Azakie A, Merklinger S L, Williams W G, Van Arsdell G S, Coles J G, Adatia I
Department of Surgery, The Hospital for Sick Children, University of Toronto School of Medicine, Ontario, Canada.
Ann Thorac Surg. 2001 Nov;72(5):1636-40. doi: 10.1016/s0003-4975(01)03039-9.
The historic outcome of the Fontan procedure in children with single ventricle and heterotaxy syndrome has been poor, and in the current era it has been incompletely described.
From January 1993 through April 2000, 30 patients (age range, 5.3 +/- 3.6 years) had total cavopulmonary connection for single ventricle and isomerism and heterotaxy syndrome. Right atrial isomerism and heterotaxy (n = 19) or left atrial isomerism and heterotaxy (n = 11) were associated with a morphologic right ventricle (n = 26), a common atrioventricular valve (n = 25), pulmonary atresia (n = 9) or stenosis (n = 17), anomalous pulmonary venous drainage (partial, n = 7; total, n = 11; obstructed, n = 4), and interrupted inferior vena cava (n = 13). A previous systemic to pulmonary artery shunt had been performed in 21 patients, and 3 patients had previous pulmonary artery banding. The Fontan procedure was staged in all but 3 patients at a median age of 12 months (range, 3 to 114 months). Before the Fontan procedure, atrial arrhythmia was present in 7 patients (23%).
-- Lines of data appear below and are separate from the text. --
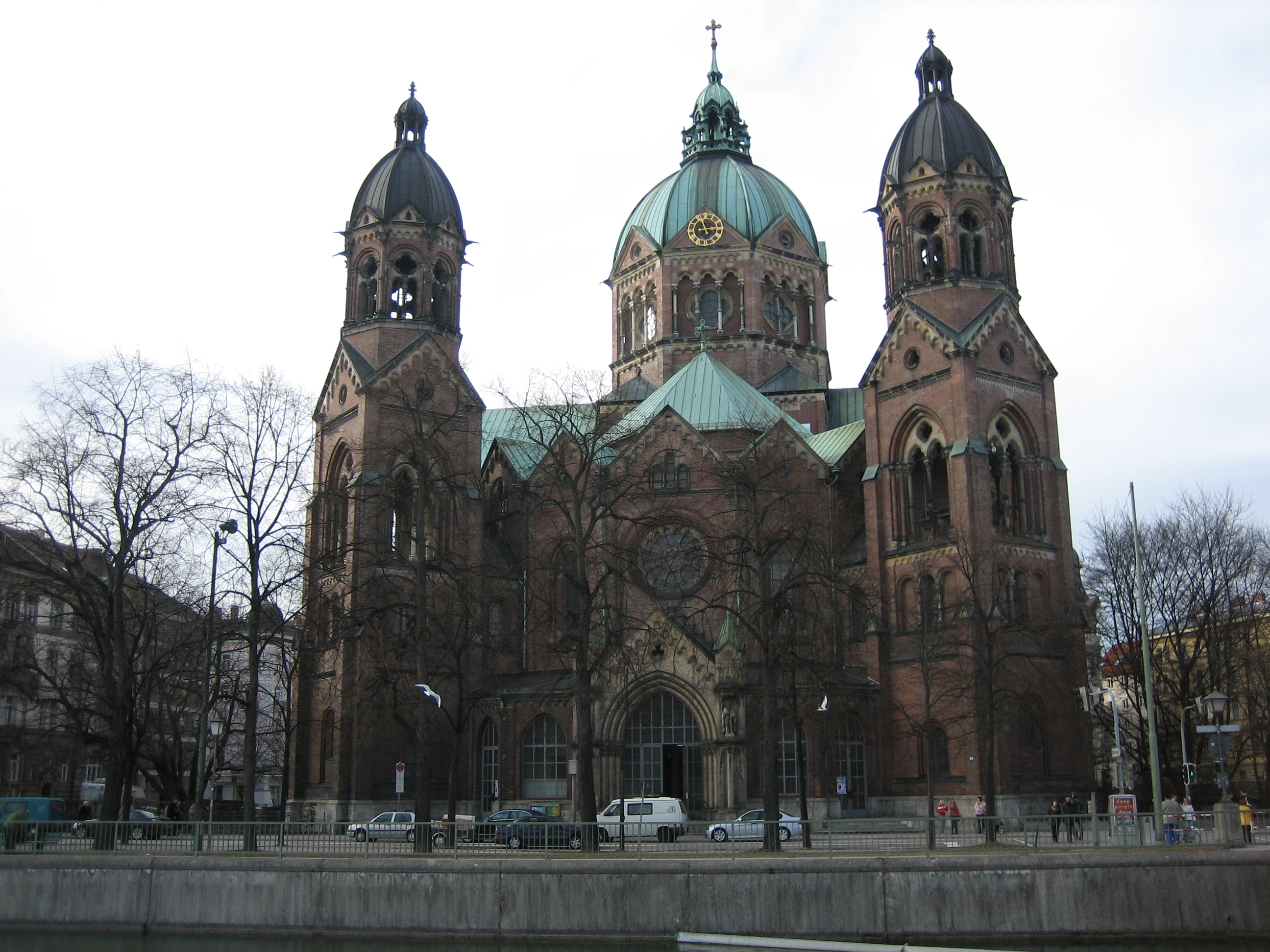 St. Lukas church in Munich, Germany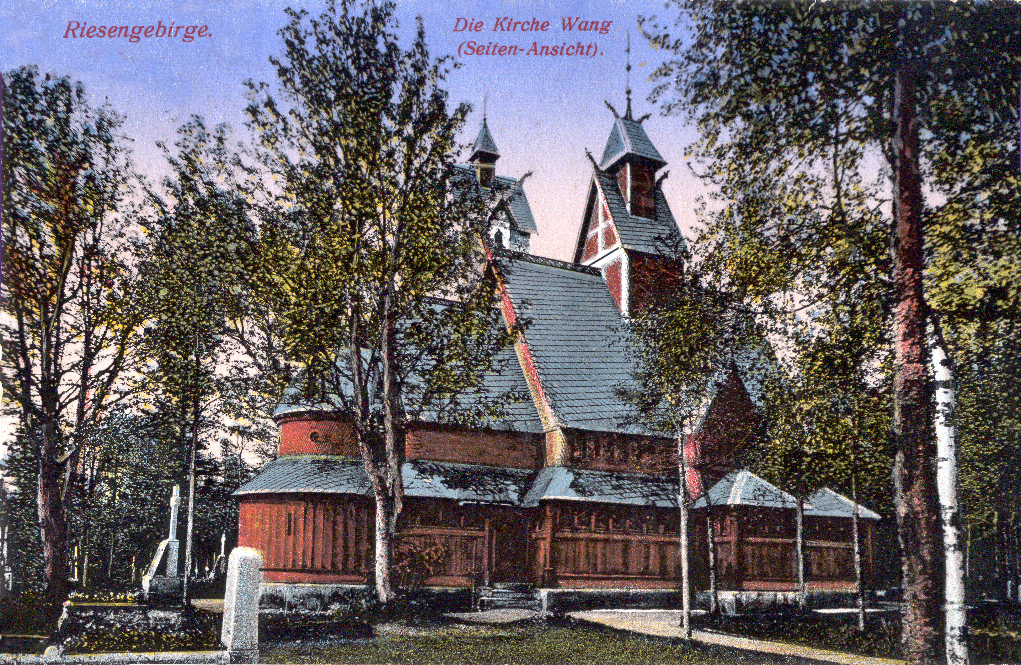 Wang Church, Karpacz, Poland.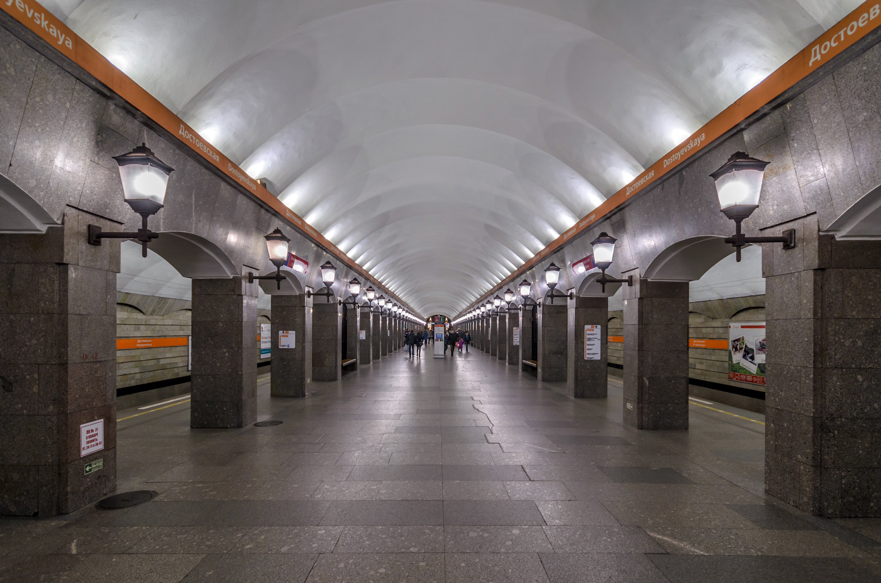 Dostoevskaya station of Saint Petersburg Metro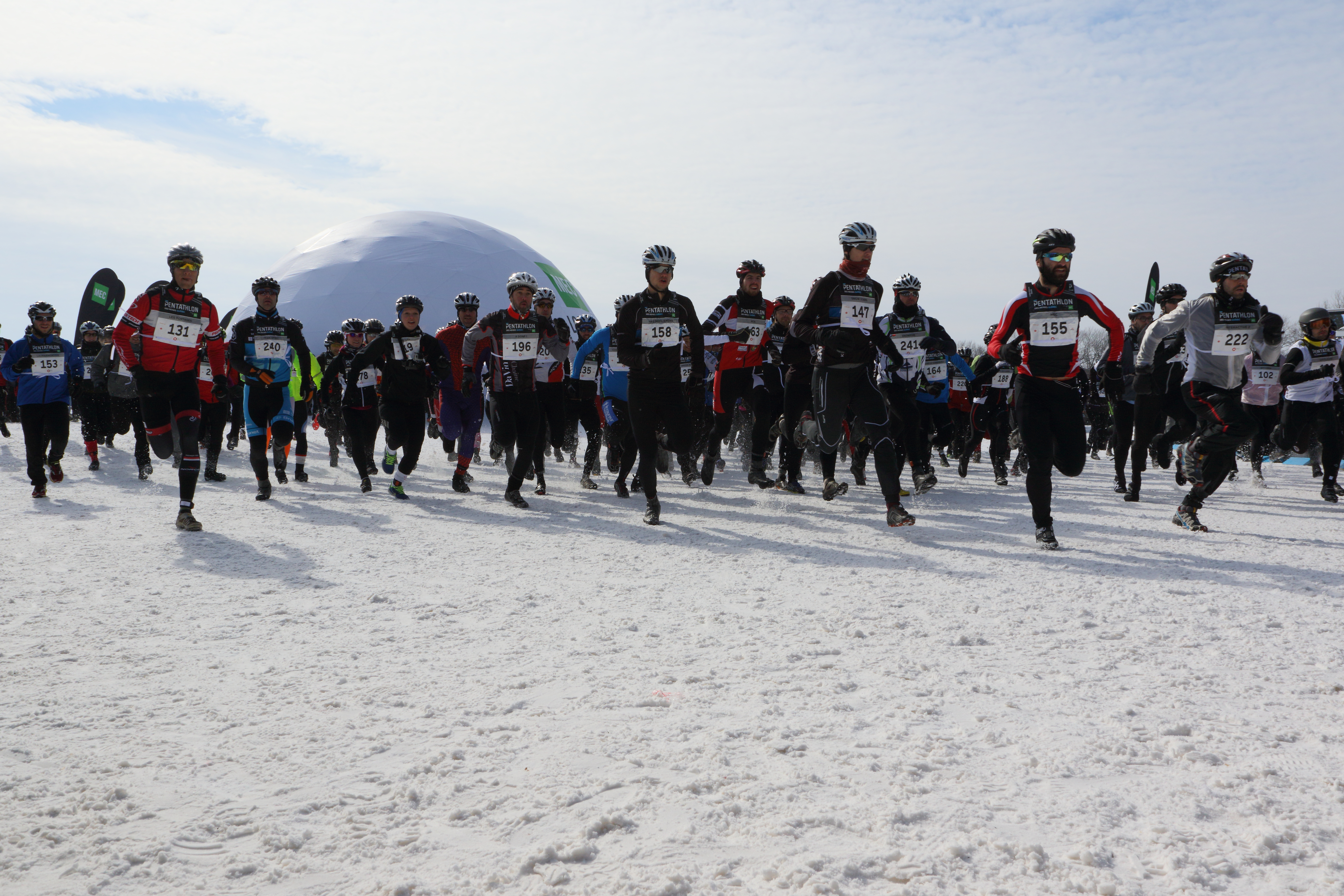 "Snow pentathlon", Québec city, Canada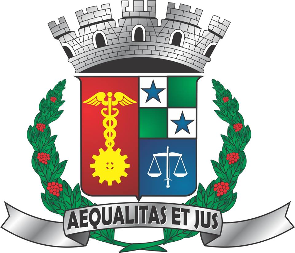 Brasão Bela Vista do Paraíso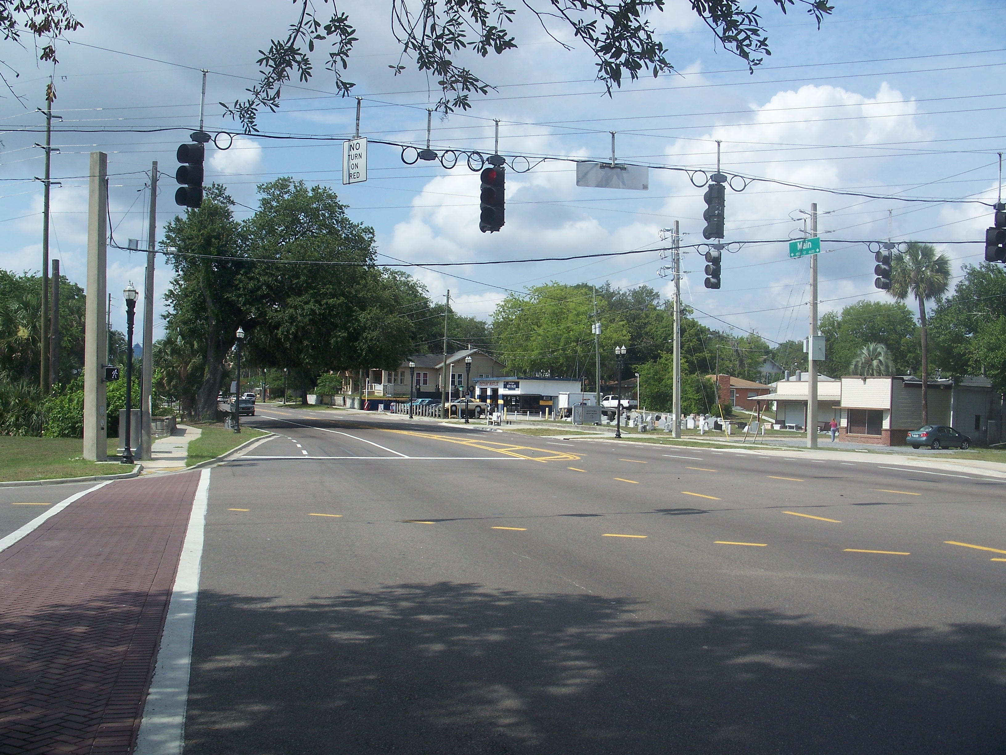 Jacksonville, Florida: U.S. Route 17, near Evergreen Cemetery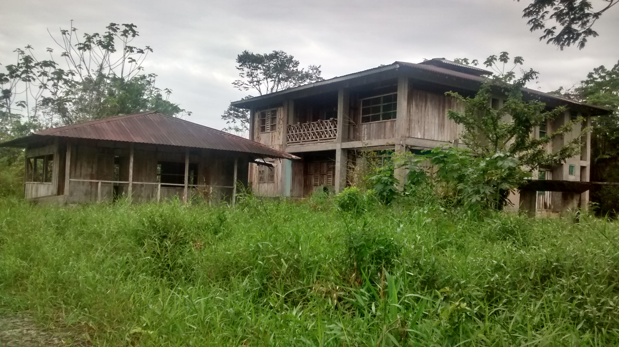 Casa de la Hermanas Agustinas, here about 100 people were taking refuge during the 2002 massacre.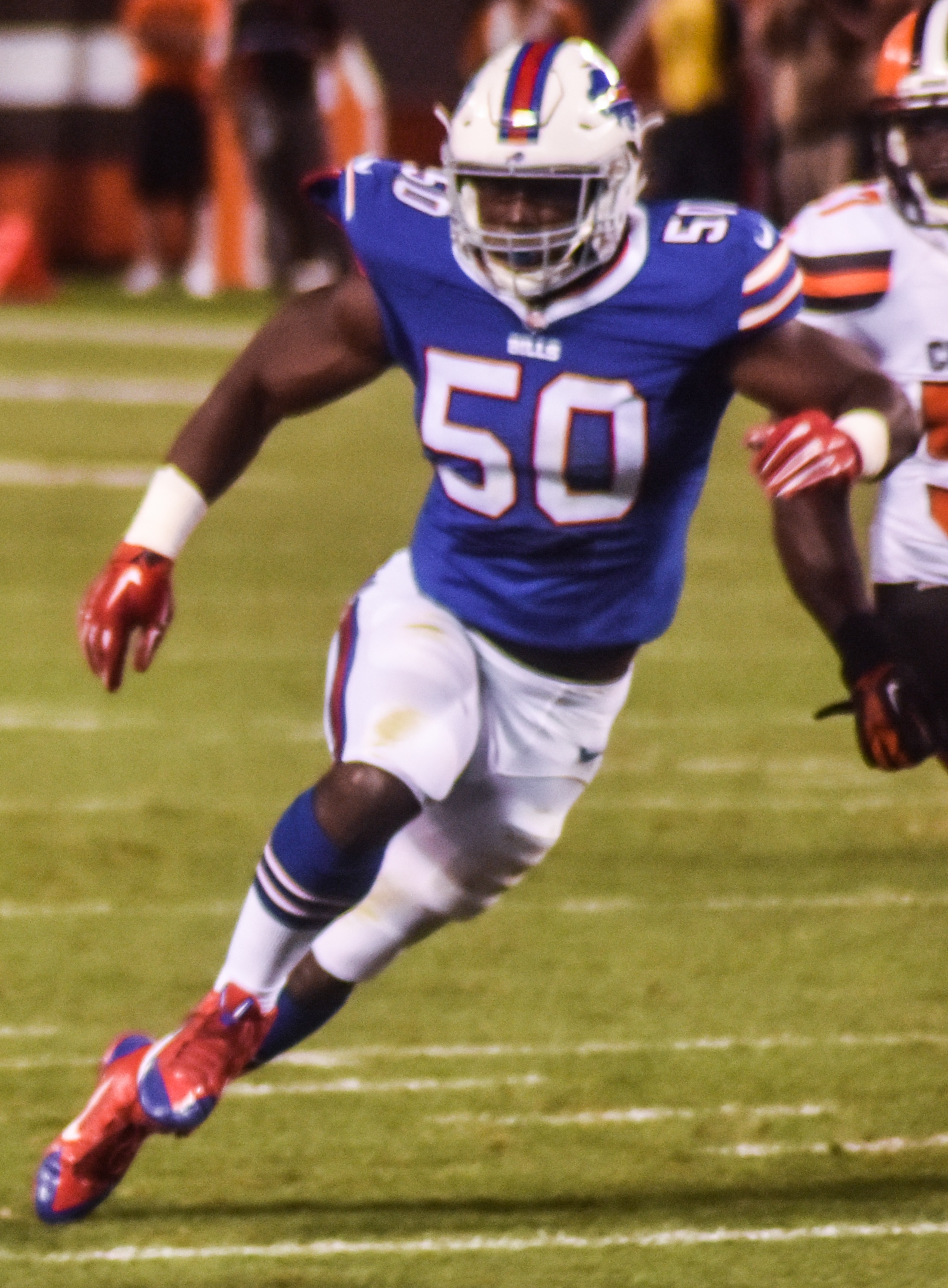 Browns vs. Bills

An extracardiac conduit was constructed in 22 patients (median diameter, 20 mm; range, 16 to 27 mm), and a lateral tunnel was constructed in 4 patients. Associated procedures included pulmonary artery augmentation (n = 17), repair of anomalous pulmonary venous drainage (n = 7), and repair of a regurgitant atrioventricular valve (n = 2). The mean cardiopulmonary bypass time was 134 +/- 57 minutes. Cardioplegic cardiac arrest was used in 12 patients for a mean duration of 62 +/- 28 minutes. There were four hospital deaths (13%), three that occurred in children having concomitant repair of anomalous pulmonary venous drainage (previously undetected in one). Thirteen children (41%) developed early postoperative atrial arrhythmias, 11 of the 13 children required temporary pacing. There was one late death. Follow-up (3.4 +/- 2.7 years) was available on 24 of 25 survivors. All but 2 patients were in sinus rhythm.
Early and midterm outcomes after the Fontan procedure in this patient group improved and may be further ameliorated by detecting and repairing associated obstruction to pulmonary venous flow and performing atrioventricular valvuloplasty before the Fontan procedure.
单心室合并内脏反位综合征患儿接受Fontan手术的历史疗效较差,在当前时代对其描述也不完整。
从1993年1月至2000年4月,30例患者(年龄范围5.3±3.6岁)因单心室、异构和内脏反位综合征接受了全腔静脉-肺动脉连接术。右心房异构和内脏反位(n = 19)或左心房异构和内脏反位(n = 11)与形态学右心室(n = 26)、共同房室瓣(n = 25)、肺动脉闭锁(n = 9)或狭窄(n = 17)、肺静脉异位引流(部分,n = 7;完全,n = 11;梗阻,n = 4)以及下腔静脉中断(n = 13)相关。21例患者曾接受过体肺分流术,3例患者曾接受过肺动脉环扎术。除3例患者外,所有患者均在12个月(范围3至114个月)的中位年龄分期进行Fontan手术。在Fontan手术前,7例患者(23%)存在房性心律失常。
22例患者构建了心外管道(中位直径20mm;范围16至27mm),4例患者构建了侧隧道。相关手术包括肺动脉增粗(n = 17)、肺静脉异位引流修复(n = 7)以及反流性房室瓣修复(n = 2)。平均体外循环时间为134±57分钟。12例患者使用了心脏停搏液,平均持续时间为62±28分钟。有4例医院死亡(13%),其中3例发生在同时进行肺静脉异位引流修复的患儿中(1例此前未被发现)。13例患儿(41%)术后早期出现房性心律失常,其中11例需要临时起搏。有1例晚期死亡。25例幸存者中有24例获得随访(3.4±2.7年)。除2例患者外,所有患者均为窦性心律。
该患者群体接受Fontan手术后的早期和中期疗效有所改善,通过在Fontan手术前检测并修复相关的肺静脉血流梗阻以及进行房室瓣成形术,疗效可能会进一步提高。